When temperatures plunge, water systems sometimes shudder. Occasionally they develop fissures and cracks, dispersing water in all directions.
Naperville has seen a little more than the normal frequency of those events in recent winters, including the current one, but the city is taking proactive steps to address the problem.
So far, this winter has not delivered the freezing temperatures that the area experienced last year, so the situation doesn’t have Jim Holzapfel, director of the city’s water and wastewater utilities, too panicked. He’s keenly aware that the frost level stretched down about 4 feet last winter, about twice as far as usual.
“When the ground freezes, it heaves. It heaves underground as well, and puts pressure on the pipe wall, (which) will crack,” Holzapfel said. “Once the service line freezes, it’s a plug in the system. You can’t use it.”
The number of water main breaks in the city’s distribution network has increased each year for several years. Mark Straughn, manager in the water distribution and collection division of the city utility, said the annual average has hovered around 75. Holzapfel places the yearly average in the 75 to 100 range. During 2014, the total was 108.
Reported by fiscal year, which runs from May 1 through April 30, the figure for 2013 was 81. There were 99 in fiscal 2014, and the city has tallied about 85 breaks for the first nine months of the current budget year.
“So far this has been a typical winter in terms of frequency of main breaks,” Straughn said by email.
Holzapfel said the city’s prompt attention to the incidents keeps the inconvenience to customers on the system to a minimum. Because the city’s pipes are set up in a way that allows segments to be isolated with valves, an average of 14 households are without water when a main break is being repaired, he said. Residents usually have their service interrupted for no more than a couple of hours when a main ruptures nearby.
A main break invariably leads to water loss, however. When the city utility performed a recent audit for the Illinois Department of Natural Resources, it found just 2.75 percent of the water pumped out by the city was draining away through leaks and cracks — a below-average amount, Holzapfel said.
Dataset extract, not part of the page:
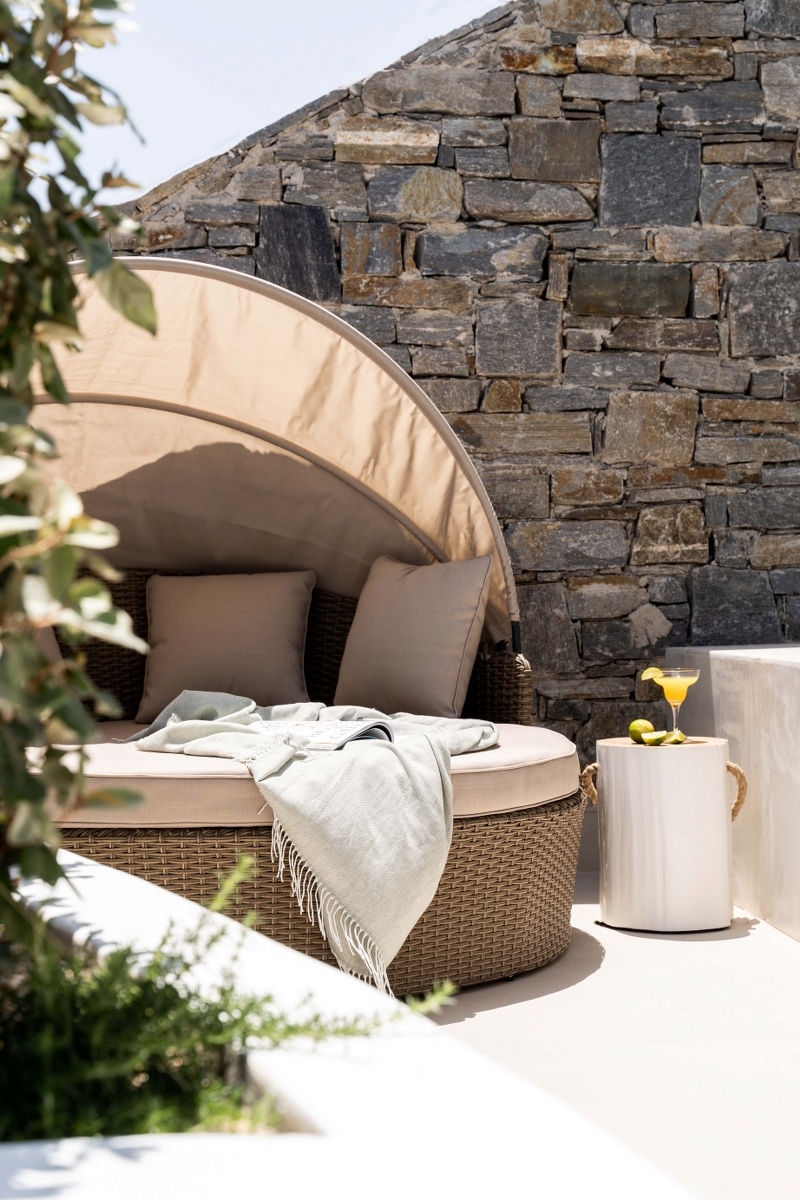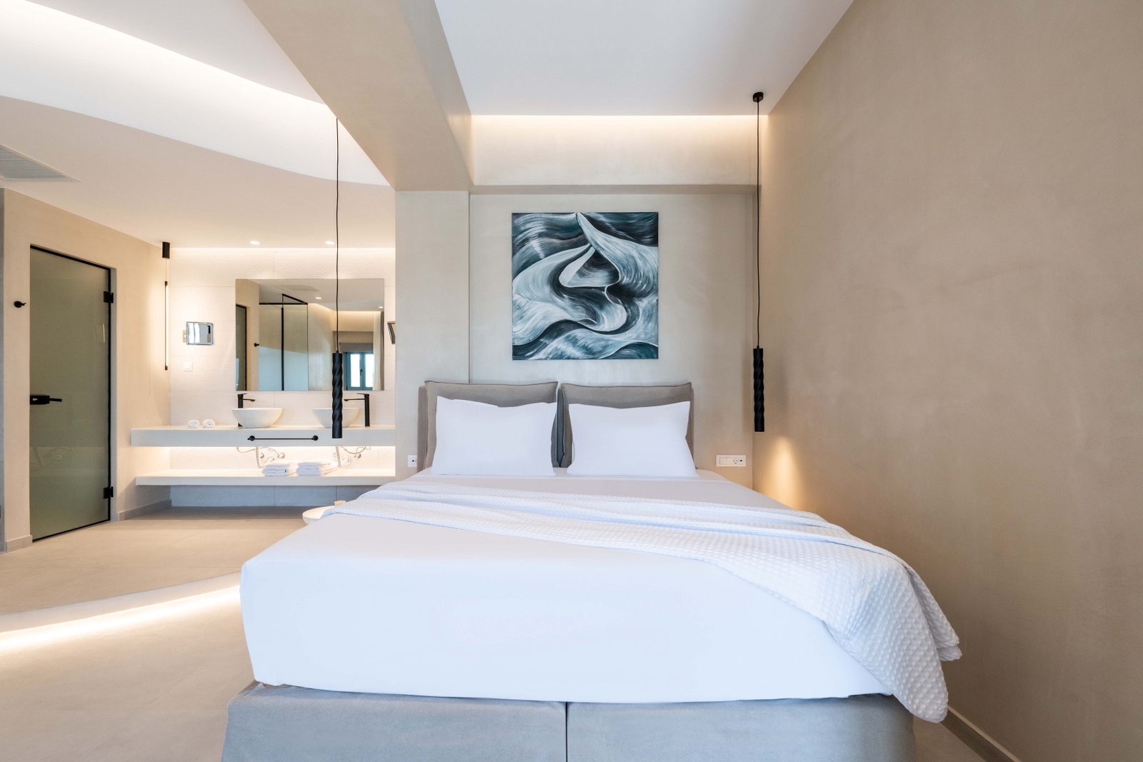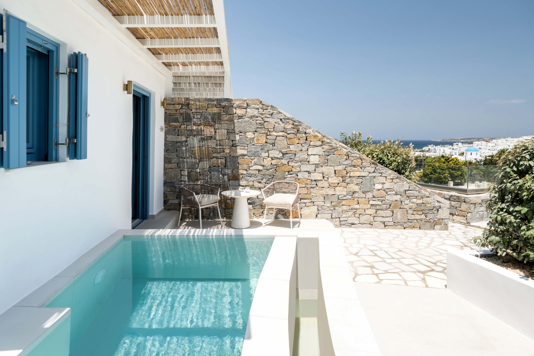 Integrating contemporary design into Cycladic aesthetics and created with natural, local materials, the Honeymoon Suites with Private Pool are the ideal setting for couples to enjoy moments alone. The interior spaces offer premium luxury with all modern comforts, while the outdoor grounds boast breathtaking views of Naoussa village and the gleaming sea, enjoyed from the magnificent sun deck with a private pool and loungers for deep relaxation.

“Our unaccounted-for water is very good, which means if there is a main break, we’re fixing it timely,” he said.
The numbers aren’t all that precise, however. A recent internal memo puts the water leakage rate for fiscal 2015 so far at 8.9 percent, which represents an increase of about 62 percent over the rate reported two years earlier. Holzapfel said the actual rate of water loss, affected by the timing of the measurement and other variables, is somewhere between the two figures.
The city is in the midst of a multi-year leak study, and that should help, he said. Also done annually is a sonogram-style survey that detects the hissing sound indicating a nearby leak.
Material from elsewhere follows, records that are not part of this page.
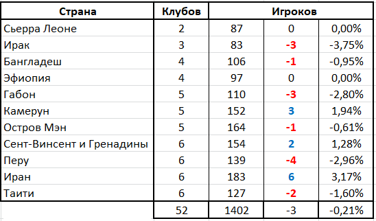 В целом у «малочисленных» стран за рассматриваемый период просматривается уменьшение игроков (-3 и -0,21%). Настолько же процентов (0,19%) у «многочисленных» наций наблюдается прирост, но это уже не те 3 футболиста, а целых 48!
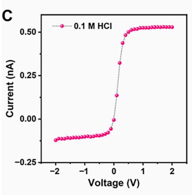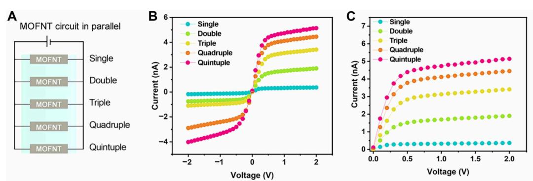 研究人員將制備好的MOF納流體晶體管浸入含不同離子的溶液中,測量電流 - 電壓特性。實驗發(fā)現(xiàn),使用鹽酸(HCl)溶液時,芯片電流隨電壓變化呈強烈非線性。低電壓下電流迅速上升,中等電壓上升趨緩,電壓超過約0.9V時電流增長飽和。
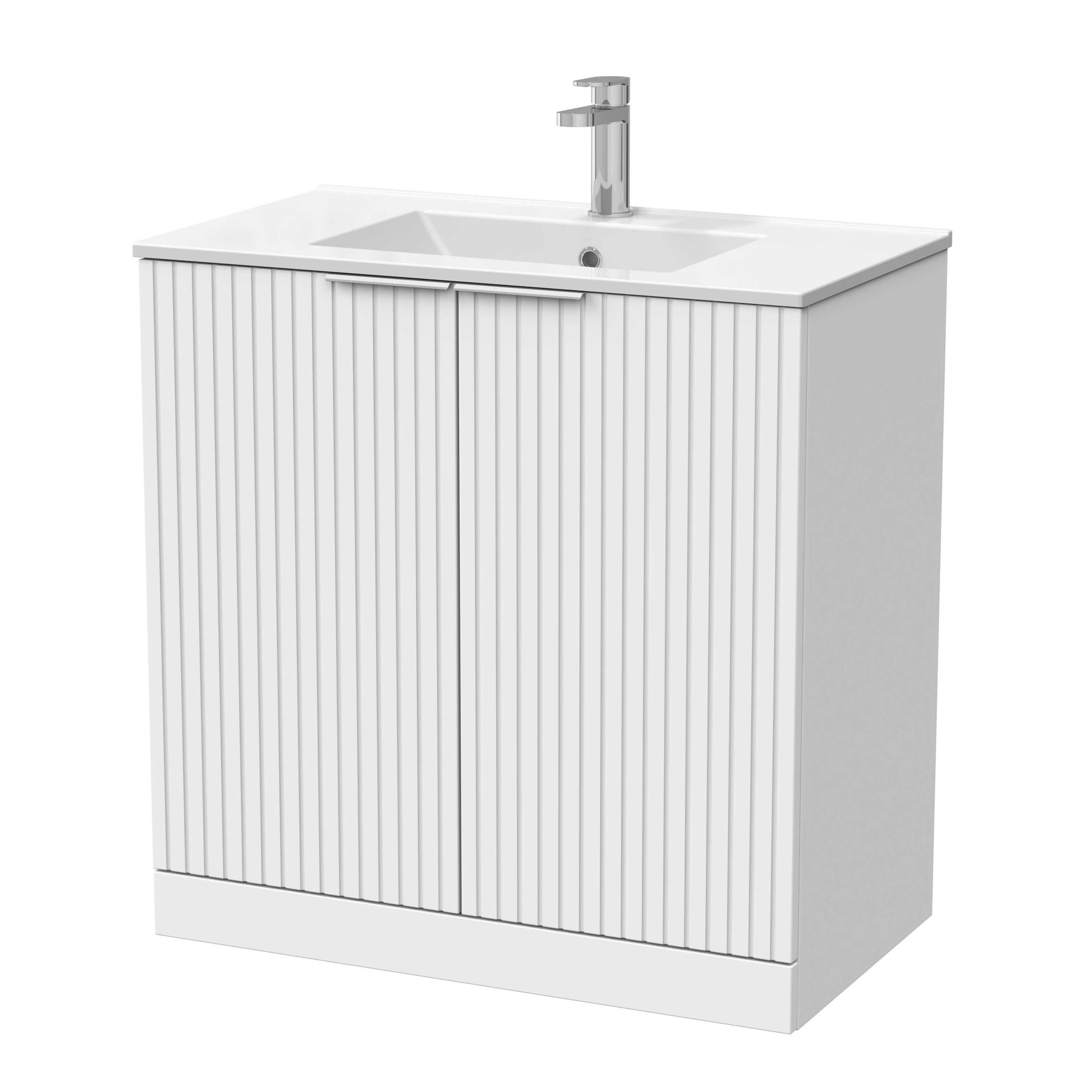 nuie Lux Flume 800mm 2-Door Floor Standing Unit with 1 Tap Hole Minimalist Basin Top - Matt White
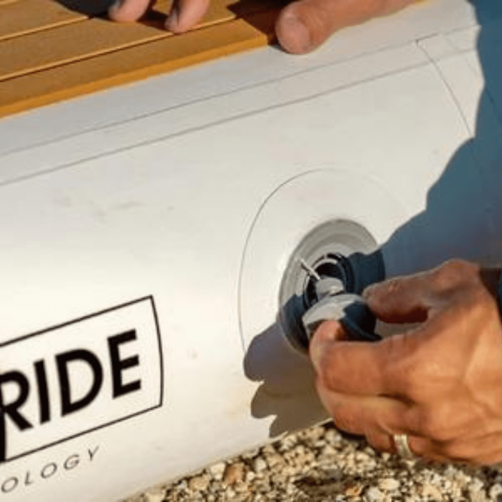 Inflating the POPup Dock is quick and easy, typically taking about 8-10 minutes with the included dual-action reversible hand pump.
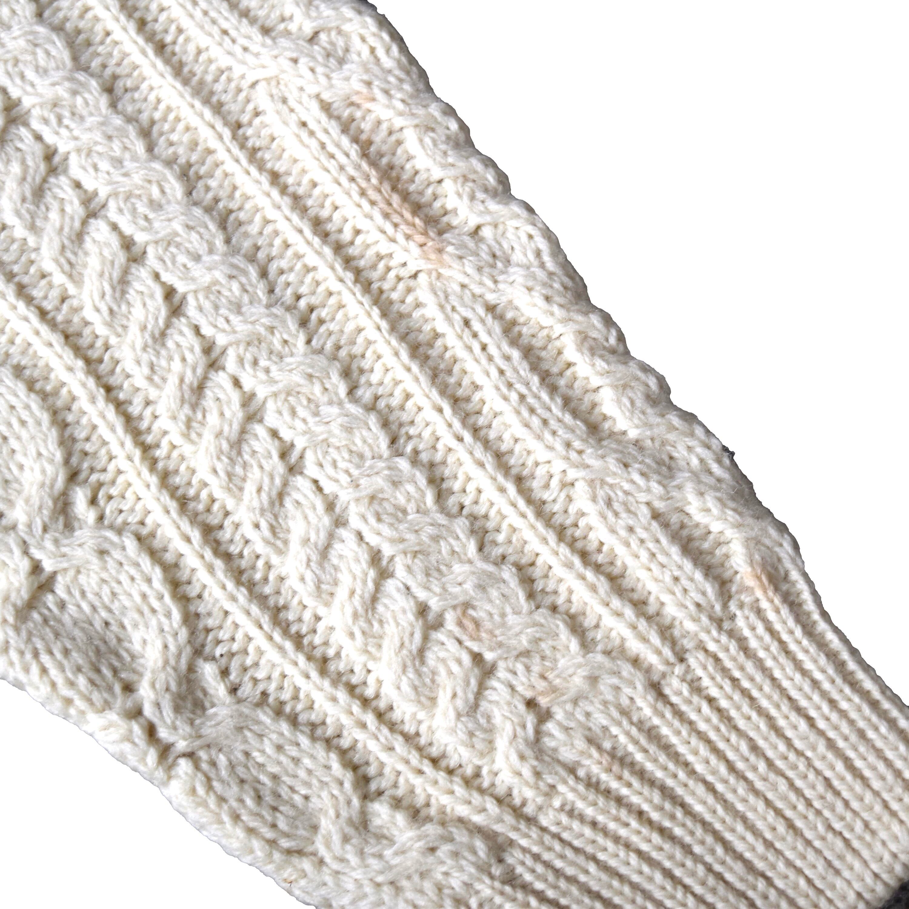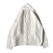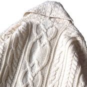 ピュアなホワイトの色味とケーブル編みが美しく、ショールカラーからは品のあるエレガントさを感じます
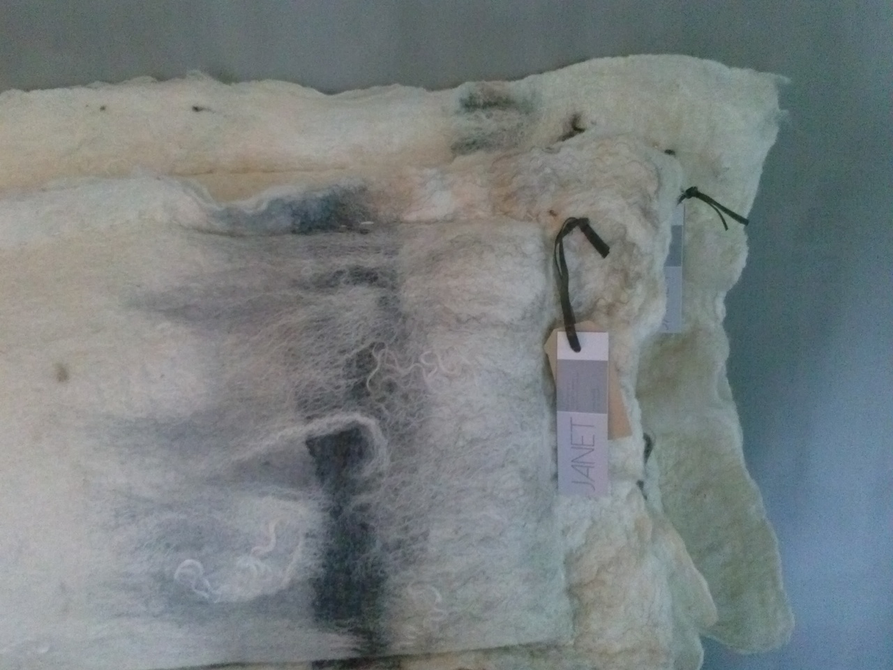 vilten kussen 100 x 50, materiaal merino wol, wensleydale lokken, texelaar, zijde en natuurlijke vezels.
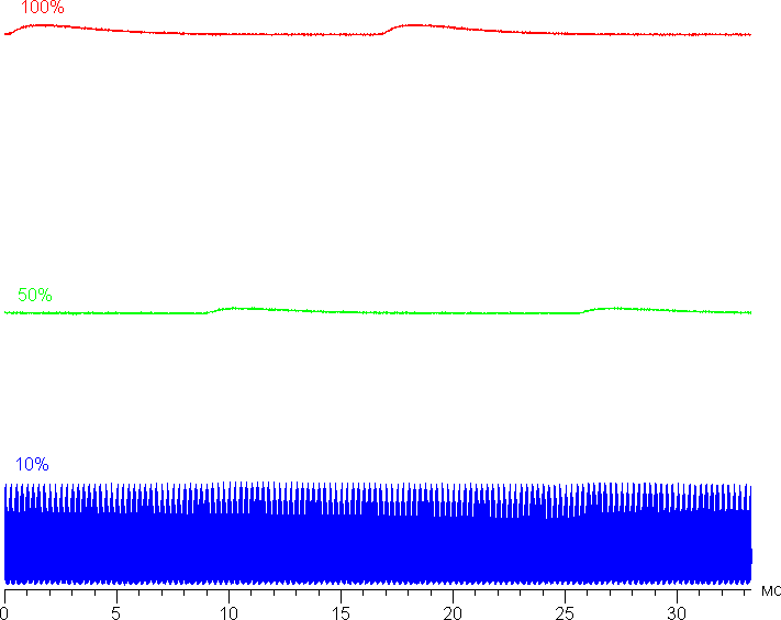 При сильном снижении яркости от максимальной появляется модуляция подсветки, но ее частота очень высокая (24 кГц), поэтому никакого видимого глазом мерцания экрана нет, не выявляется оно и в тесте на стробоскопический эффект. Приведем графики зависимости яркости (вертикальная ось) от времени (горизонтальная ось) при различных значениях настройки яркости:

“When a water main breaks, the water doesn’t always surface,” Holzapfel said, adding that sometimes it drains into a nearby trench.
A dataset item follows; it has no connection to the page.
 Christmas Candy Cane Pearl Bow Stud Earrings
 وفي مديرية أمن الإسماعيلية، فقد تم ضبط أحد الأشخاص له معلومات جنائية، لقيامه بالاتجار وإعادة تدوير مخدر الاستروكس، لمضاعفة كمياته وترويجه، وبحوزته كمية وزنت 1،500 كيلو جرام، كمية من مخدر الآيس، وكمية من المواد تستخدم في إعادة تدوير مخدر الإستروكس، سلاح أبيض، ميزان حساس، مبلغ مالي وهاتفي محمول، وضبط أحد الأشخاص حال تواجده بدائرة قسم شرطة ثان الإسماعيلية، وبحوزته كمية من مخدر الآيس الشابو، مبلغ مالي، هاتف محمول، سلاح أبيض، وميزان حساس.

The state-mandated audit, a condition required to maintain the allocation permit that allows the utility to continue receiving Lake Michigan water, tracks metered and unmetered water uses, including that pumped out for such purposes as firefighting. But with the IDNR in its final year of allowing any unaccounted-for leakage, Naperville is working to seal up leaks and quickly attend to breaks with the aim of avoiding financial penalties.
“They want us to do a better job of tightening up our systems to use less water, conserve lake water,” Holzapfel said, noting that some of the farther-out counties have begun pushing for delivery of lake water. “It’s a good thing that they’re doing that (the audits). We should conserve lake water. … They’re just trying to spread the good lake water to other communities.”